> Supplied data:
▬▬▬▬▬▬

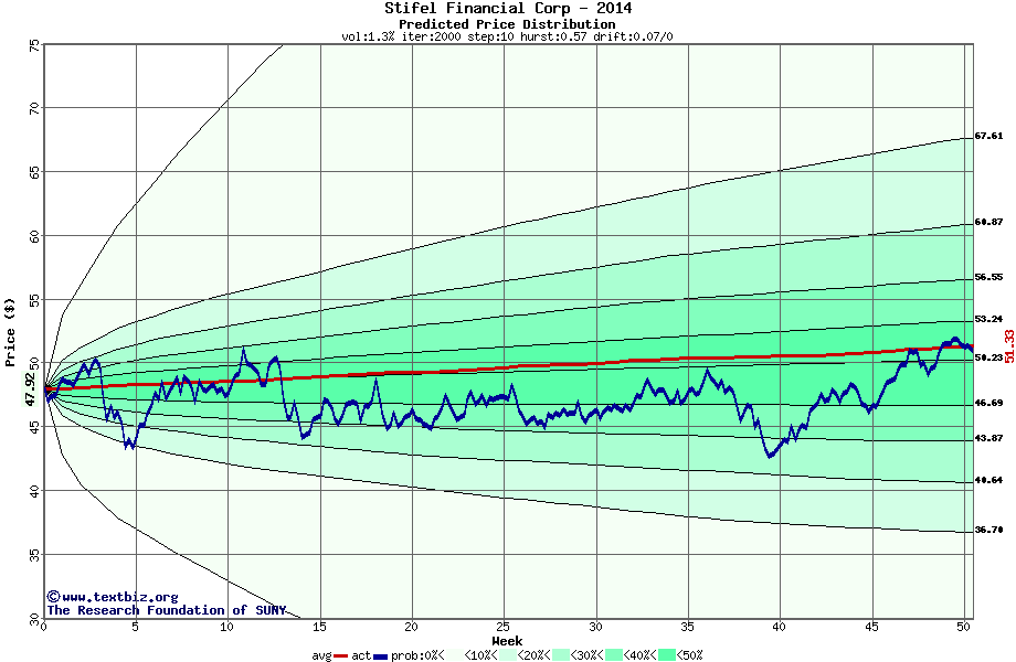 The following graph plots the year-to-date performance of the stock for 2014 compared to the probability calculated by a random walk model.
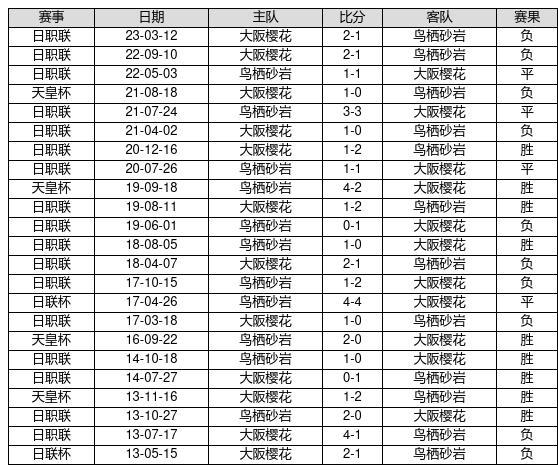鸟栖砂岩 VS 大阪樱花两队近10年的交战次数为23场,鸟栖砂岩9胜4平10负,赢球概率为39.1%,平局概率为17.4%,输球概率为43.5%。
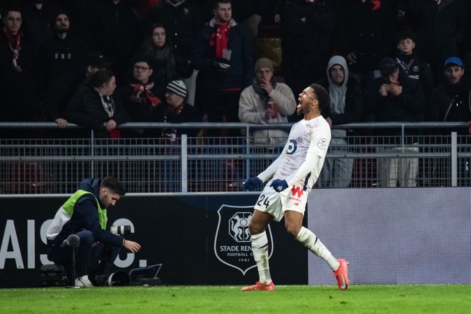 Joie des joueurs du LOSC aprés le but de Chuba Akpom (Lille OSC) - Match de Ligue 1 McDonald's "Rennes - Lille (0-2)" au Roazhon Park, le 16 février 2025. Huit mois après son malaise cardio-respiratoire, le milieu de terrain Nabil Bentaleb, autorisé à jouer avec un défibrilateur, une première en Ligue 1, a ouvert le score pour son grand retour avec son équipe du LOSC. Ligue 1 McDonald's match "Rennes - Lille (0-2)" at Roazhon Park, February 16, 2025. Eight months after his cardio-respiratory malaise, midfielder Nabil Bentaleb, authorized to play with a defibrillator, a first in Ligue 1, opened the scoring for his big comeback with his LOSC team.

▬▬▬▬▬▬

> Work required:
Once the pictures are removed, output the remaining material exactly.

> Response to the exercise:
 The following graph plots the year-to-date performance of the stock for 2014 compared to the probability calculated by a random walk model.
鸟栖砂岩 VS 大阪樱花两队近10年的交战次数为23场,鸟栖砂岩9胜4平10负,赢球概率为39.1%,平局概率为17.4%,输球概率为43.5%。
 Joie des joueurs du LOSC aprés le but de Chuba Akpom (Lille OSC) - Match de Ligue 1 McDonald's "Rennes - Lille (0-2)" au Roazhon Park, le 16 février 2025. Huit mois après son malaise cardio-respiratoire, le milieu de terrain Nabil Bentaleb, autorisé à jouer avec un défibrilateur, une première en Ligue 1, a ouvert le score pour son grand retour avec son équipe du LOSC. Ligue 1 McDonald's match "Rennes - Lille (0-2)" at Roazhon Park, February 16, 2025. Eight months after his cardio-respiratory malaise, midfielder Nabil Bentaleb, authorized to play with a defibrillator, a first in Ligue 1, opened the scoring for his big comeback with his LOSC team.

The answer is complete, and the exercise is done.